Henry I. built his manor of Wodstock, with a park, which he walled about with stone, seven miles in compass, destroying for the same divers villages, churches, and chapels; and this was the first park in England. He placed therein, besides great store of deer, divers strange beasts to be kept and nourished, such as were brought to him from far countries, as lions, leopards, linces, porpentines,[68] and such other. More I read, that in the year 1235, Frederick the emperor sent to Henry III. three leopards, in token of his regal shield of arms, wherein three leopards were pictured; since the which time those lions and others have been kept in a part of this bulwark, now called the Lion Tower, and their keepers there lodged. King Edward II., in the 12th of his reign, commanded the sheriffs of London to pay to the keepers of the king’s leopard in the Tower of London sixpence the day for the sustenance of the leopard, and three-halfpence a day for diet for the said keeper, out of the fee farm of the said city. More, in the 16th of Edward III., one lion, one lioness, one leopard, and two cat lions, in the said Tower, were committed to the custody of Robert, the son of John Bowre.
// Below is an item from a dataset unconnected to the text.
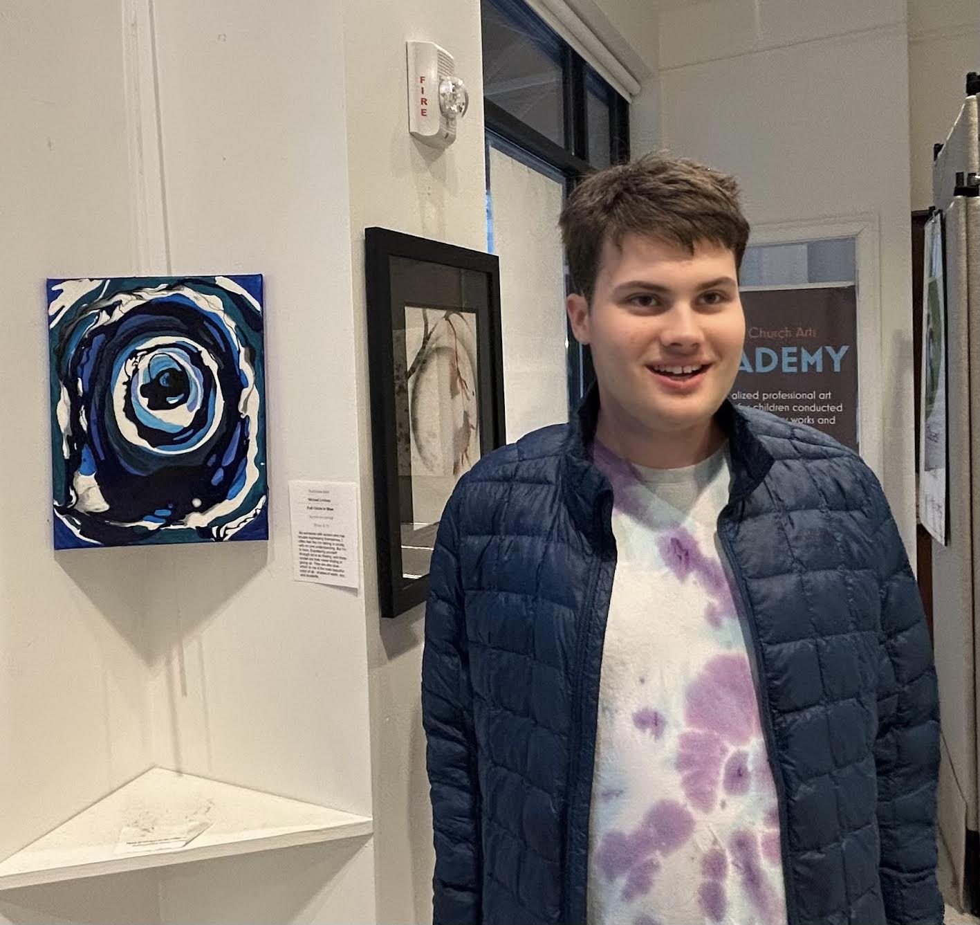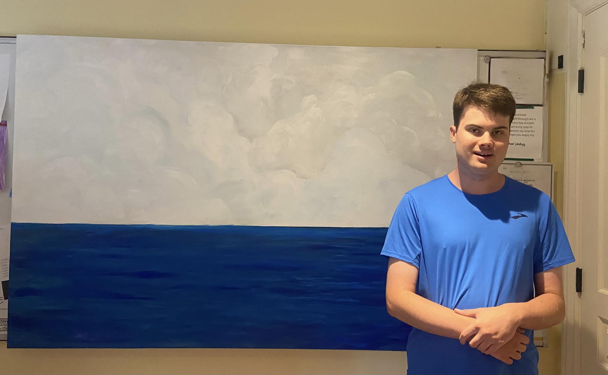 In his artist statement, Michael shares insights about himself. “As someone with autism who has trouble expressing themselves, I often feel like I’m talking in circles, with no one understanding. Expressing yourself through art is so freeing, and these circles are free, never ending or giving up. They are also blue – which to me is the most beautiful color of all – shades of water, sky, and bluebells.”

Edward IV. fortified the Tower of London, and inclosed with brick, as is aforesaid, a certain piece of ground, taken out of the Tower Hill, west from the Lion Tower, now called the bulwark. His officers also, in the 5th of his reign, set upon the said hill both scaffold and gallows, for the execution of offenders; whereupon the mayor and his brethren complained to the king, and were answered that the same was not done in derogation of the city’s liberties, and thereof caused proclamation to be made, etc., as shall be shown in Tower street.
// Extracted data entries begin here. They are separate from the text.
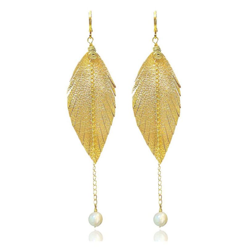 Vangania aretes largos con pluma y perla Mallorca joyería artesanal boho chic
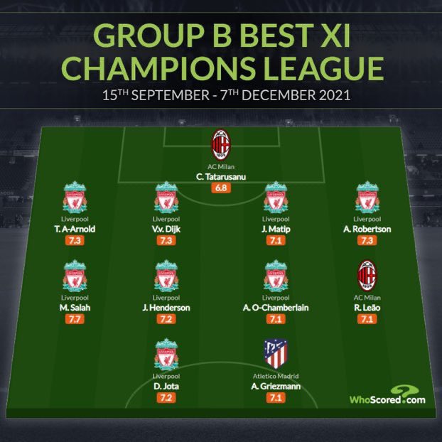 نشرت شبكة who scored عبر حسابها الرسمي على موقع التواصل الاجتماعي تويتر، التشكيل المثالي لمجموعة الثانية في مسابقة دوري أبطال أوروبا، التي شهدت استحواذا كبيرا من فريق ليفربول الإنجليزي.
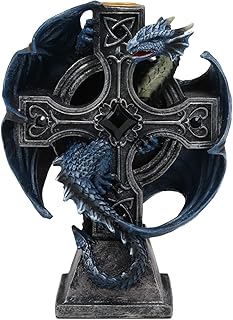 Ebros ゴシックブルースラキンドラゴン 祭壇 ドレイク クロスキャンドルホルダー 高さ7インチ キャンドルホルダー 中世ルネッサンスファンタジーデコレーション ダンジョンズとドラゴンのアクセント センターピース

Richard III., repaired and built in this tower somewhat. Henry VIII., in 1532, repaired the White Tower, and other parts thereof. In the year 1548, the 2nd of Edward VI., on the 22nd of November, in the night, a Frenchman lodged in the round bulwark, betwixt the west gate and the postern, or drawbridge, called the warders’ gate, by setting fire on a barrel of gunpowder, blew up the said bulwark, burnt himself, and no more persons. This bulwark, was forthwith again new built.

And here, because I have by occasion spoken of the west gate of this tower the same, as the most principal, is used for the receipt and delivery of all kinds of carriages, without the which gate divers bulwarks and gates, towards the north, etc. Then near within this west gate, opening to the south, is a strong postern for passengers by the ward-house, over a drawbridge let down for that purpose. Next on the same south side, toward the east, is a large water-gate, for receipt of boats and small vessels, partly under a stone bridge from the river of Thames. Beyond it is a small postern, with a drawbridge, seldom let down but for the receipt of some great persons, prisoners. Then towards the east is a great and strong gate, commonly called the Iron gate, but not usually opened. And thus much for the foundation, building, and repairing of this tower, with the gates and posterns, may suffice. And now somewhat of accidents in the same shall be shown.

In the year 1196, William Fitzosbert, a citizen of London, seditiously moving the common people to seek liberty, and not to be subject to the rich and more mighty, at length was taken and brought before the Archbishop of Canterbury in the Tower, where he was by the judges condemned, and by the heels drawn thence to the Elms in Smithfield, and there hanged.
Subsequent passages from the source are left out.